[WHAT THIS TASK INVOLVES]
For the listing below, the answer is an exact retyping of the lines from the one with "一般出現在市場下跌的后期,行" through the one with "Hier finden Sie", both included, without pictures.

[RECORDED DATA]
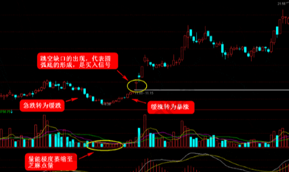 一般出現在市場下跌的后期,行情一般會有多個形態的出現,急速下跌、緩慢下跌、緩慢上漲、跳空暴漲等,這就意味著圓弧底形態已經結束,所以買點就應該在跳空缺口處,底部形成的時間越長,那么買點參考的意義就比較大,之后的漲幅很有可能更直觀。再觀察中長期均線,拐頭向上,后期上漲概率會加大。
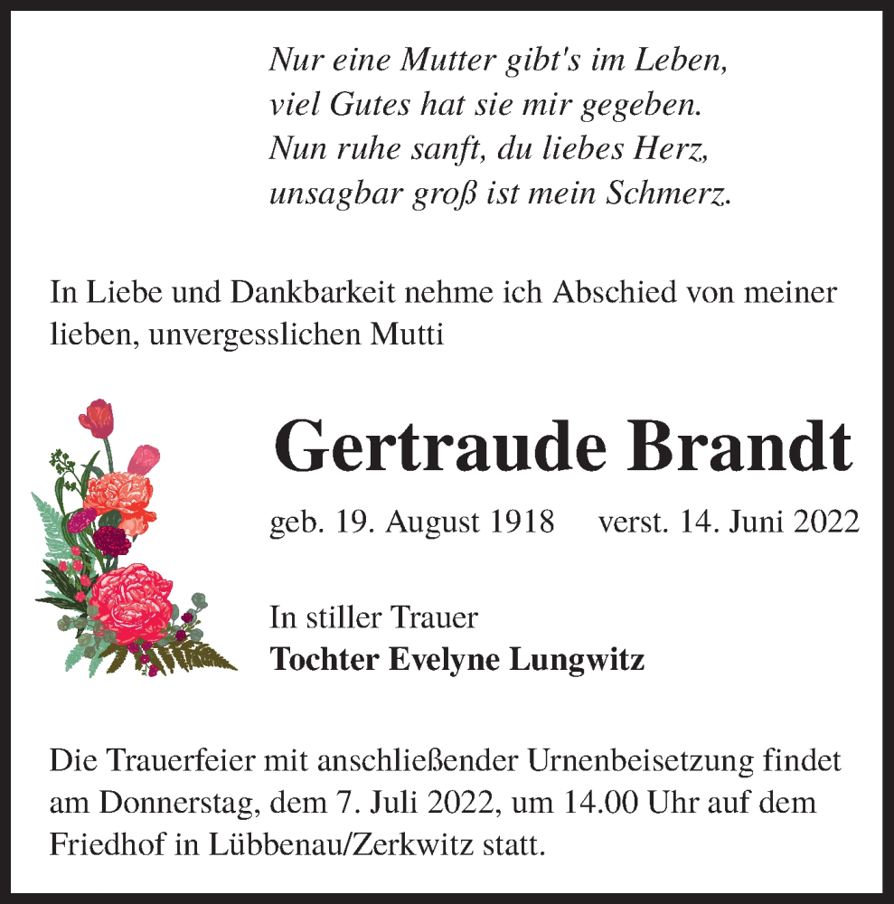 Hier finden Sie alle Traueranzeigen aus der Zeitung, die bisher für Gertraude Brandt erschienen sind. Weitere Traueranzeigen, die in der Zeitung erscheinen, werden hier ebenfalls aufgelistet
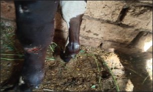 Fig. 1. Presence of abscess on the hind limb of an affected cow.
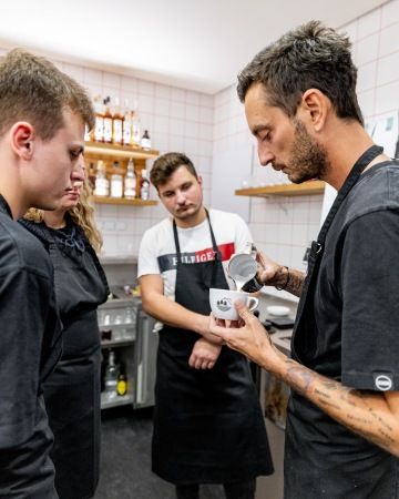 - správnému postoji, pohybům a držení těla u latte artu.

...

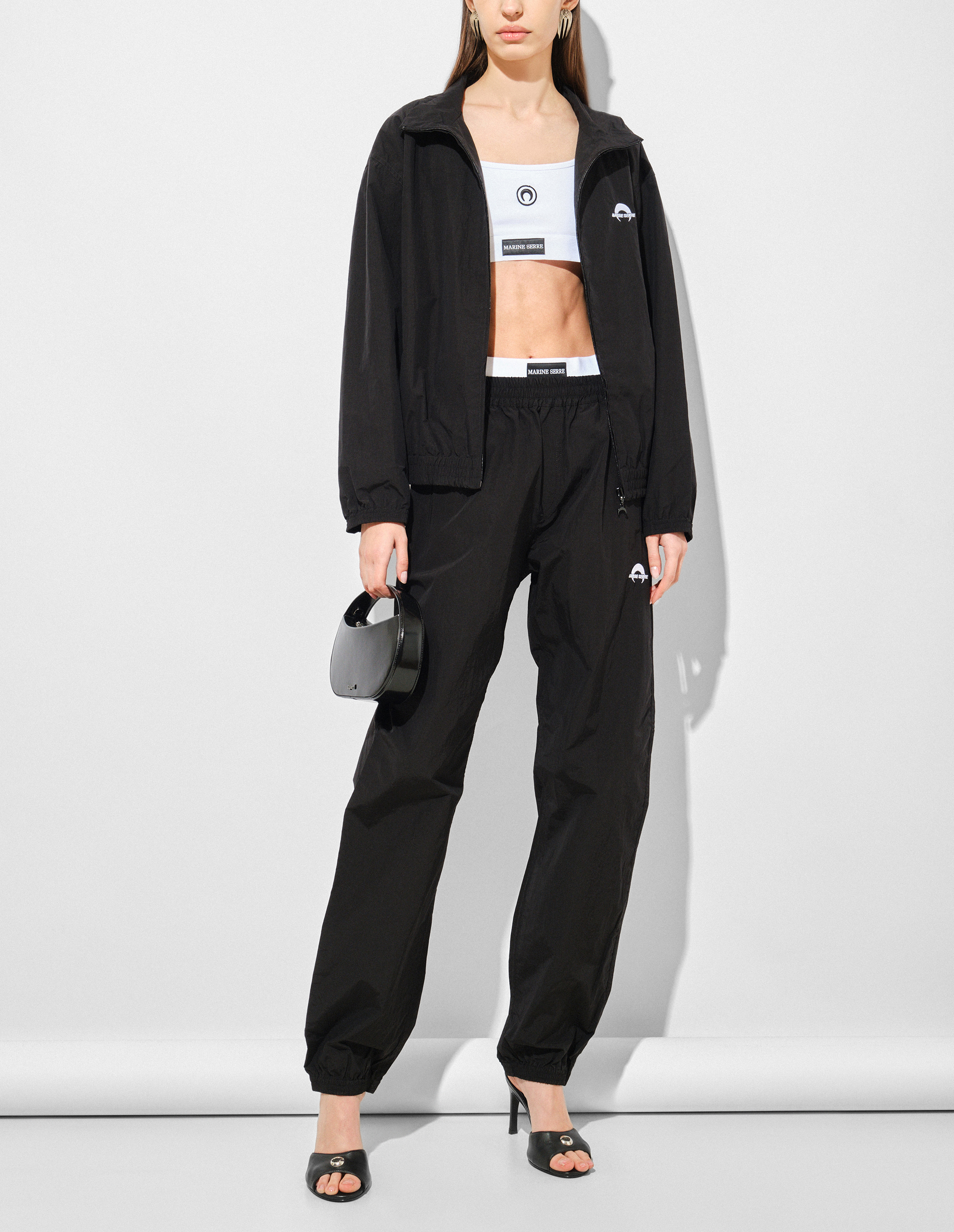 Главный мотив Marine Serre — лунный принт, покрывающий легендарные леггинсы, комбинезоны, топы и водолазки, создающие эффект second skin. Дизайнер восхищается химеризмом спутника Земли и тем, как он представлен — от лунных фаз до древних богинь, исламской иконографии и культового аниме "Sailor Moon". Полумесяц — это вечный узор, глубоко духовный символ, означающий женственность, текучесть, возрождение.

---

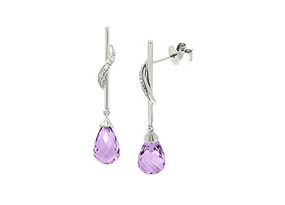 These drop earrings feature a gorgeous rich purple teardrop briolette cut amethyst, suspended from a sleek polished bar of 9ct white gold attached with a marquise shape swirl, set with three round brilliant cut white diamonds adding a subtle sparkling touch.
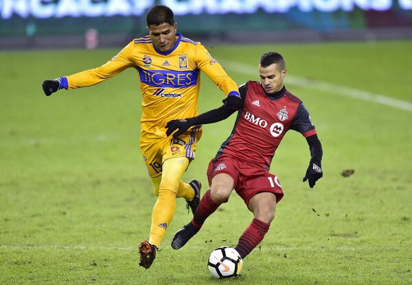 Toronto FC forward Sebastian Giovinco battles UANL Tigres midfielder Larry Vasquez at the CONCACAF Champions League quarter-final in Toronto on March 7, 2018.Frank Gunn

[RESPONSE TO THE EXERCISE]
 一般出現在市場下跌的后期,行情一般會有多個形態的出現,急速下跌、緩慢下跌、緩慢上漲、跳空暴漲等,這就意味著圓弧底形態已經結束,所以買點就應該在跳空缺口處,底部形成的時間越長,那么買點參考的意義就比較大,之后的漲幅很有可能更直觀。再觀察中長期均線,拐頭向上,后期上漲概率會加大。
 Hier finden Sie alle Traueranzeigen aus der Zeitung, die bisher für Gertraude Brandt erschienen sind. Weitere Traueranzeigen, die in der Zeitung erscheinen, werden hier ebenfalls aufgelistet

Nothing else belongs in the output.